The test cases are generated so that the answer will fit in a 32-bit integer.
APPROACH:
- Initialization:
- ans is initialized to the first element of the array, as it could be the maximum product itself.
- ma and mi are both initialized to the value of ans.
2. Iteration:
- The loop iterates through the array starting from the second element (index 1).
- For each element nums[i] :
- If nums[i] <0 , it indicates a potential change in the sign of the product. To handle this case, swap ma and mi values. This ensures that ma always holds the maximum positive product and mi always holds the maximum negative product.

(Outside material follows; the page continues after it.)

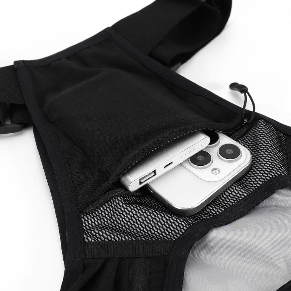 Zahvaljujući podesivom remenu na dnu, prsluk uvijek ostaje na mjestu bez obzira na intenzitet kretanja. Možete ga savršeno prilagoditi svom obliku tijela, što povećava udobnost i eliminira rizik od pomicanja prsluka tijekom trčanja.Funkcionalni džepovi za vaše osnovne potrepštine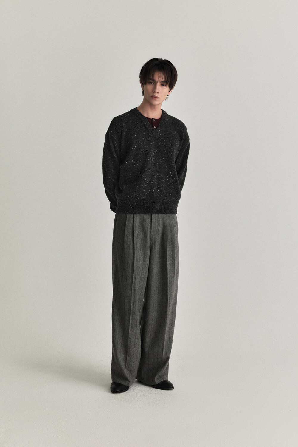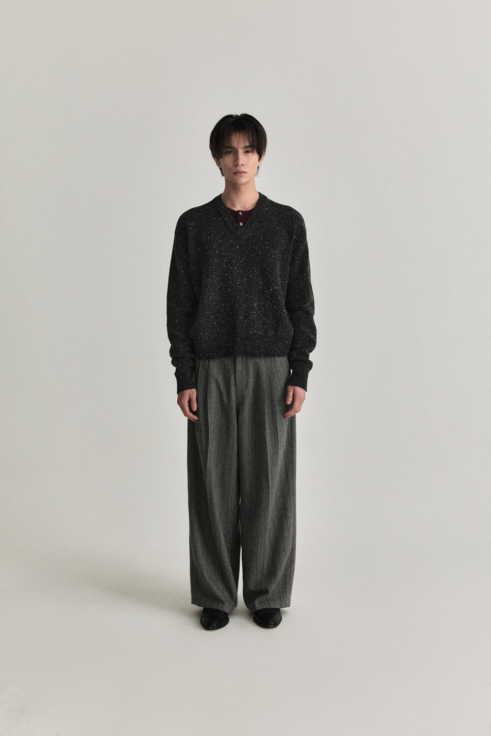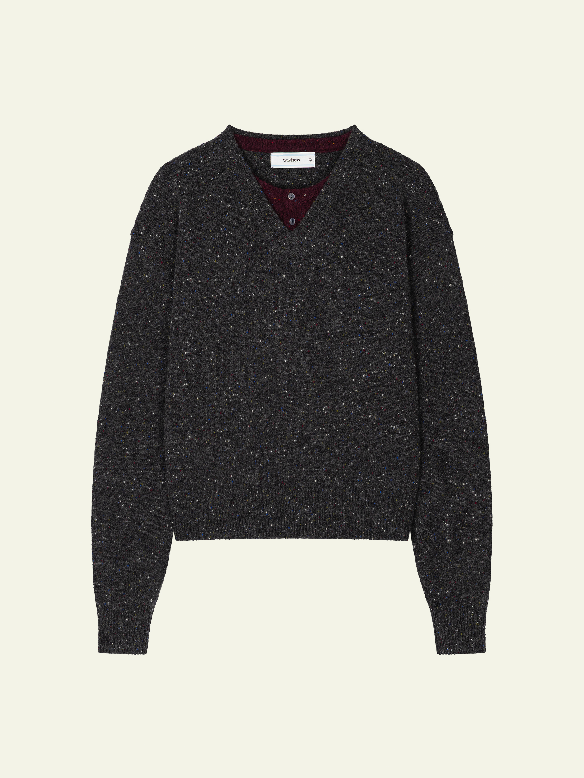 - 울 혼용 니트 패브릭으로 제작된 헨리넥 레이어드 브이넥 디자인

- Update the ma and mi values.
- After updating ma and mi, compare the current value of ma with the current value of ans. If ma is greater than ans, update ans to reflect the new maximum product.
3. Return Value:
- The function returns the final value of ans, which represents the maximum product of any subarray within the given array.
#include <iostream>
#include <vector>
#include <algorithm>
class Solution {
public:
int maxProduct(std::vector<int>& nums) {
int ans = nums[0];
int ma = ans;
int mi = ans;
for(int i=1; i<nums.size(); i++){
if(nums[i]<0){
std::swap(ma, mi);
}
ma = std::max(nums[i], ma * nums[i]);
mi = std::min(nums[i], mi * nums[i]);
ans = std::max(ma, ans);
}
return ans;
}
};
int main() {
Solution solution;
std::vector<int> nums = {2, 3, -2, 4, -1};
std::cout << "Maximum product of subarray: " << solution.maxProduct(nums) << std::endl;
return 0;
}TIME COMPLEXITY: O(N)